[[ Given data open ]]

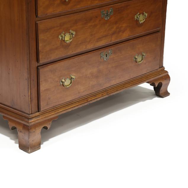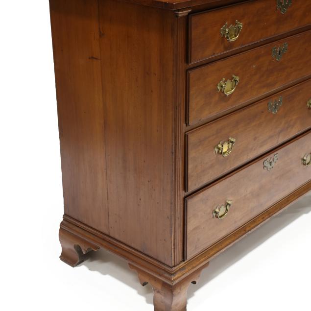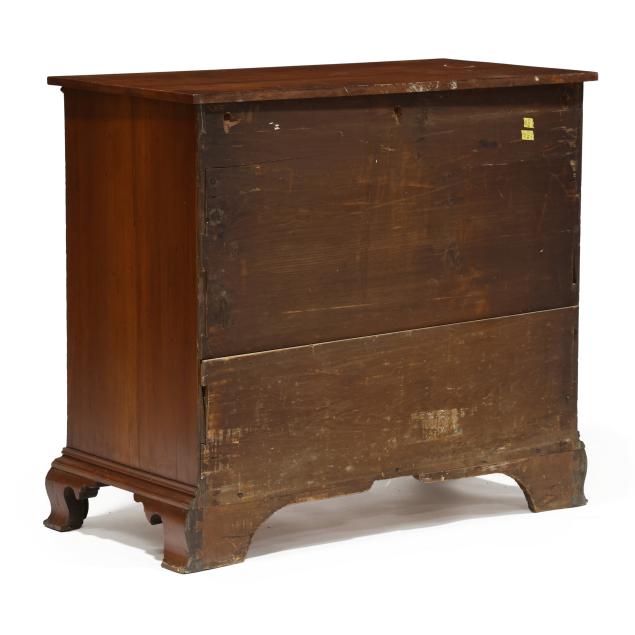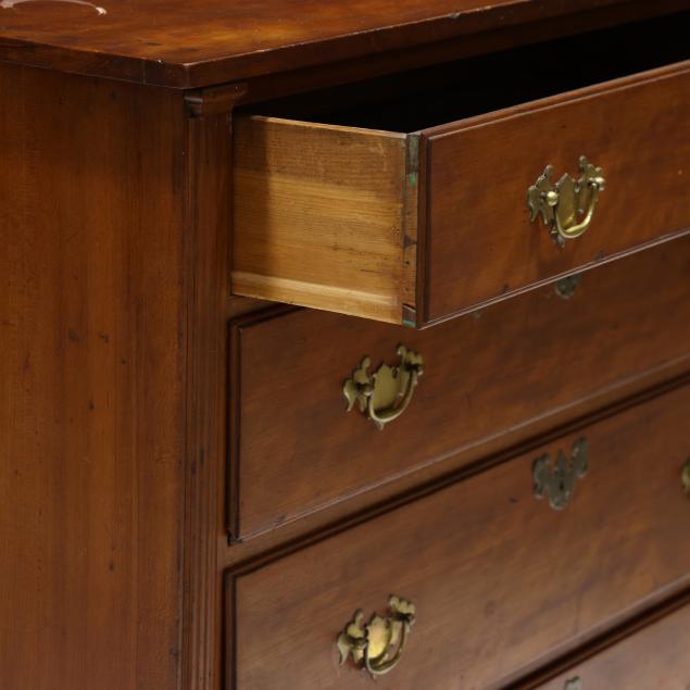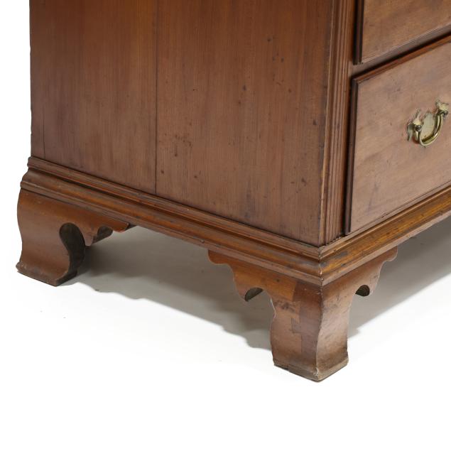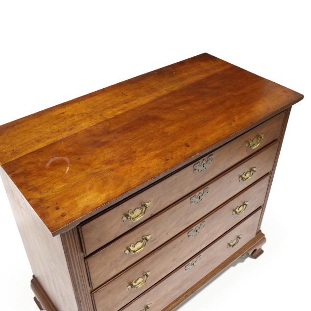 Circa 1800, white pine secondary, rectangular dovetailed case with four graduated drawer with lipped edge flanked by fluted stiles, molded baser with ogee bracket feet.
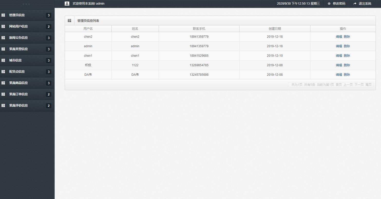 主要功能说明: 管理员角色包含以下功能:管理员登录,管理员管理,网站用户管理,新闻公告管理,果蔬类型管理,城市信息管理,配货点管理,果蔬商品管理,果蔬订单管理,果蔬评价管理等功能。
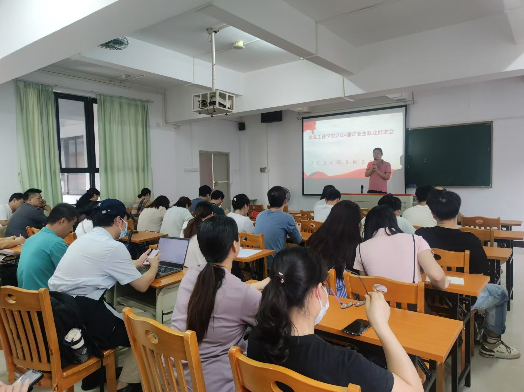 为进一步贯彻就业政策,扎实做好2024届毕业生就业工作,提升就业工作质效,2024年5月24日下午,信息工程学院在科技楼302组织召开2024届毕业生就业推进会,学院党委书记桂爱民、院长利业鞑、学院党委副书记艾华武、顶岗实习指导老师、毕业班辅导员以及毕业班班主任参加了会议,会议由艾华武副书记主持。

[[ Given data closed ]]
[[ Given data open ]]

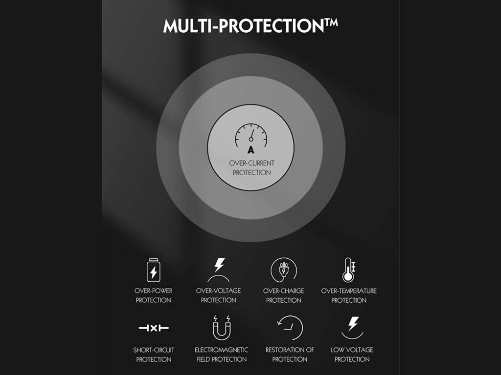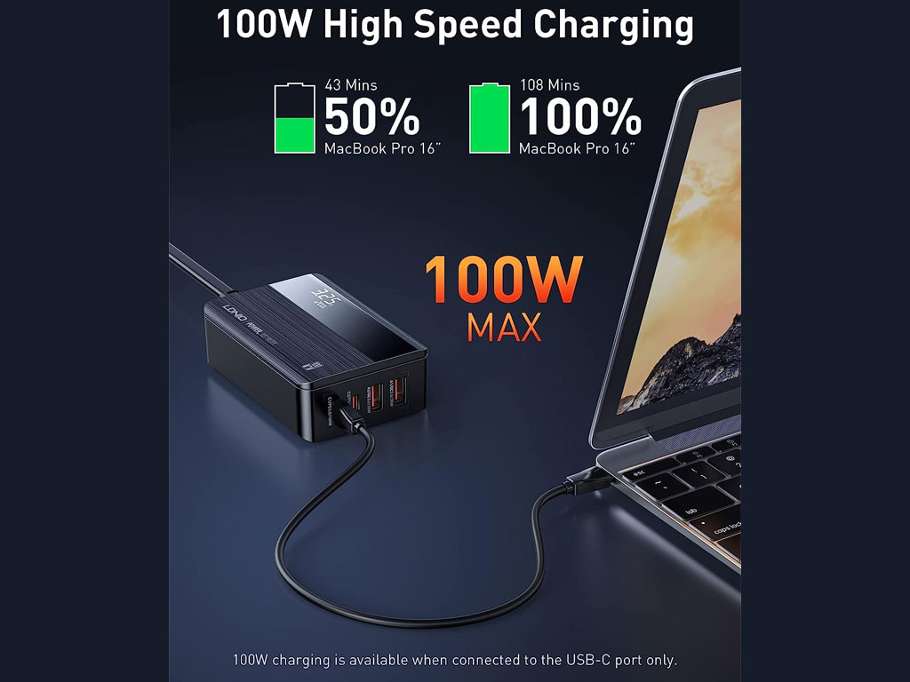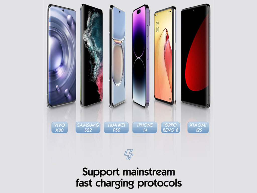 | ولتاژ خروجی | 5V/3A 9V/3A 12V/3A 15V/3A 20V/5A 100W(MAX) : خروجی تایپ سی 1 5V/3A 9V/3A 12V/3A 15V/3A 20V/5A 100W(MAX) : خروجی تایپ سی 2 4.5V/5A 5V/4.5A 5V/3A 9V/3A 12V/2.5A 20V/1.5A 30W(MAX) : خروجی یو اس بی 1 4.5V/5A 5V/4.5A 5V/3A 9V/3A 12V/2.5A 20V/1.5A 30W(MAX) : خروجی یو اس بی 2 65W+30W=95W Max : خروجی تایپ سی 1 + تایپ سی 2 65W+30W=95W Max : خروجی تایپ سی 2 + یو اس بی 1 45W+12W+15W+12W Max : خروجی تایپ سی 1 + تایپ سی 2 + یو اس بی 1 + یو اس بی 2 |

[[ Given data closed ]]

**Work instructions**: Range to print from the listing above: from the line with "Circa 1800, white" up to and including the line with "为进一步贯彻就业政策,扎实做". Please print those lines exactly, with no pictures and nothing more.

**Solution to the problem**:
 Circa 1800, white pine secondary, rectangular dovetailed case with four graduated drawer with lipped edge flanked by fluted stiles, molded baser with ogee bracket feet.
 主要功能说明: 管理员角色包含以下功能:管理员登录,管理员管理,网站用户管理,新闻公告管理,果蔬类型管理,城市信息管理,配货点管理,果蔬商品管理,果蔬订单管理,果蔬评价管理等功能。
 为进一步贯彻就业政策,扎实做好2024届毕业生就业工作,提升就业工作质效,2024年5月24日下午,信息工程学院在科技楼302组织召开2024届毕业生就业推进会,学院党委书记桂爱民、院长利业鞑、学院党委副书记艾华武、顶岗实习指导老师、毕业班辅导员以及毕业班班主任参加了会议,会议由艾华武副书记主持。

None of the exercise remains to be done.